● **WHAT YOU SHOULD DO**:
The task calls for the line containing "Conjunto de cama" and all later lines, through the end of the entries below, to be set down exactly and without pictures.

Data items

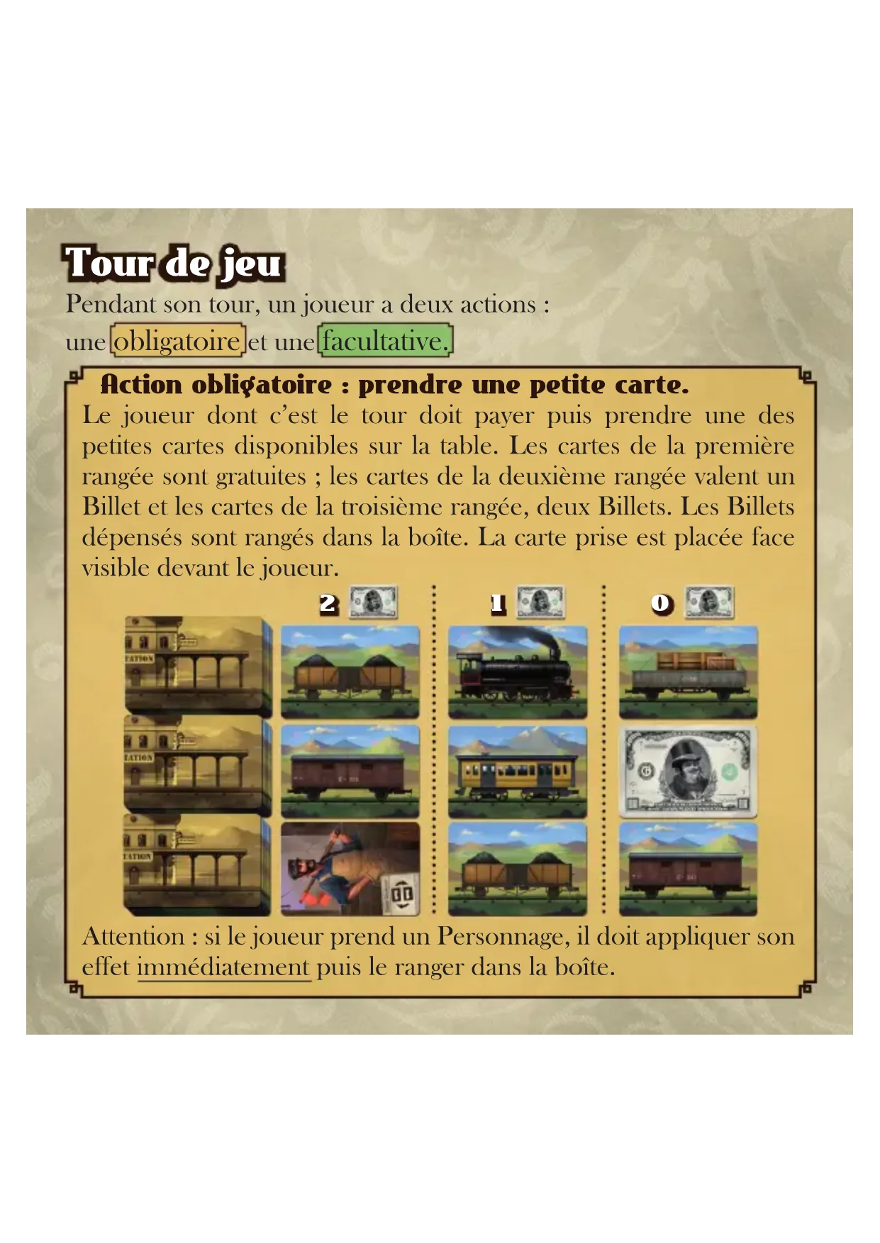Le joueur dont c'est le tour doit payer puis prendre une des petites cartes disponibles sur la table. Les cartes de la première rangée sont gratuites ; les cartes de la deuxième rangée valent un Billet et les cartes de la troisième rangée, deux Billets. Les Billets dépensés sont rangés dans la boîte. La carte prise est placée face visible devant le joueur.
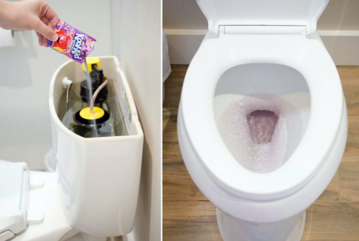Эффективно очистить унитаз от налета и загрязнений поможет пакетик любого растворимого напитка. Просто засыпьте немного сухого порошка в бачок и на стенки унитаза, оставьте на 15-20 минут, а после тщательно потрите ершиком и слейте воду. После такой чистки, унитаз засияет чистотой, а в воздухе будет витать приятный сладковатый аромат.
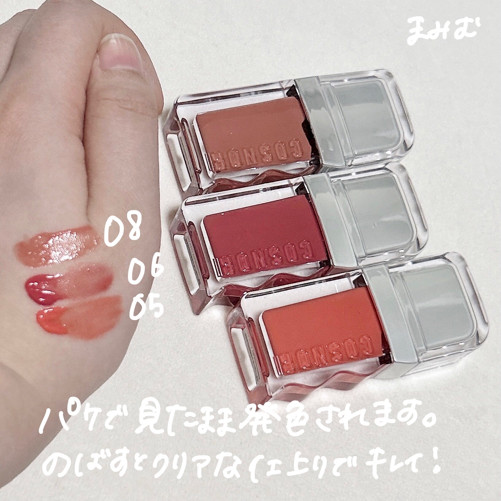 - クリアに満ち溢れる3層ガラス玉光沢がかわいい!コスノリからカラーリップが登場! 軽い付け心地なのにしっかりうるつや・ウォーターエッセンス38%とオイルのこだわりの配合率で、べたつかずに軽いフィッティングでツヤを演出します。 植物由来保湿オイルで唇にやさしい使い心地、しっとりした保湿効果が持続します。 1度塗りでシアーなナチュラルつや感、2.3度重ね塗りをすることで、ガラス玉のようなぽってり*うるツヤ唇へ導きます。 *メイク効果
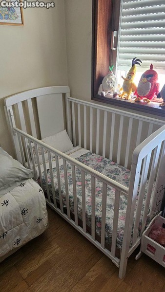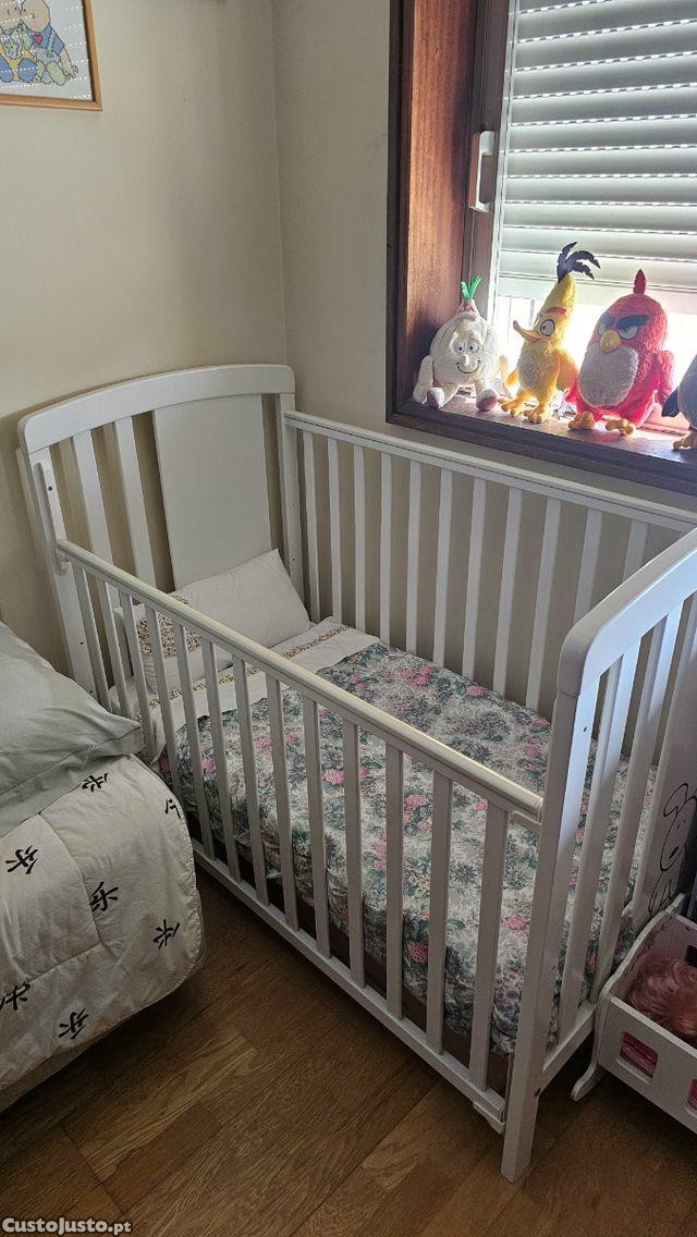 Conjunto de cama de bebé em madeira branca, ideal para o descanso do seu filho. Inclui colchão e edredão.
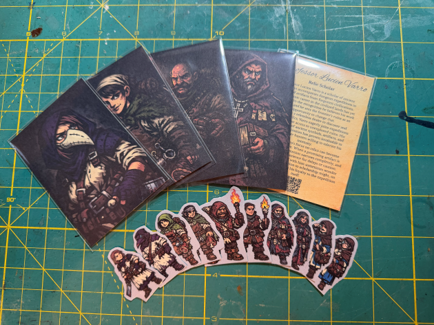 Contained in these files are character cards presenting a character portrait as well as a character description and hook. Also contained are four to six paper standee miniatures. Including some variations and gender swaps.
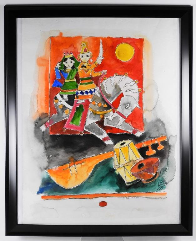 The Husain painting is a Cubist figural watercolor depicting a man and woman in bright polychromatic outfits on the back of a white horse. Housed in a 33 inch by 27 inch frame, the painting should reach $10,000-$15,000. It comes with a certificate of authenticity. Dubbed “the Picasso of India," Husain started off painting billboard signs in India but quickly developed his own style by blending together folk, tribal, and mythological arts.
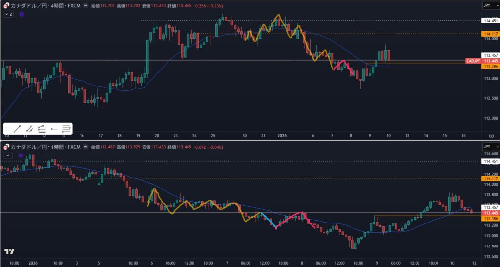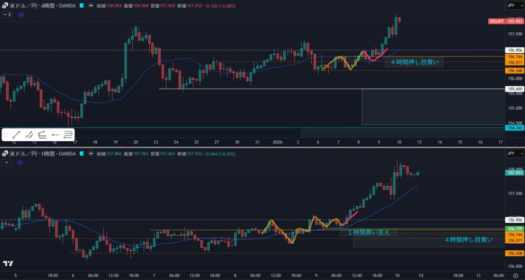 4時間の押し目買いにもなってるけど、4時間高値超えブレイクは難しい、入りにくい

● **RESULT FOR THIS TASK**:
 Conjunto de cama de bebé em madeira branca, ideal para o descanso do seu filho. Inclui colchão e edredão.
 Contained in these files are character cards presenting a character portrait as well as a character description and hook. Also contained are four to six paper standee miniatures. Including some variations and gender swaps.
 The Husain painting is a Cubist figural watercolor depicting a man and woman in bright polychromatic outfits on the back of a white horse. Housed in a 33 inch by 27 inch frame, the painting should reach $10,000-$15,000. It comes with a certificate of authenticity. Dubbed “the Picasso of India," Husain started off painting billboard signs in India but quickly developed his own style by blending together folk, tribal, and mythological arts.
 4時間の押し目買いにもなってるけど、4時間高値超えブレイクは難しい、入りにくい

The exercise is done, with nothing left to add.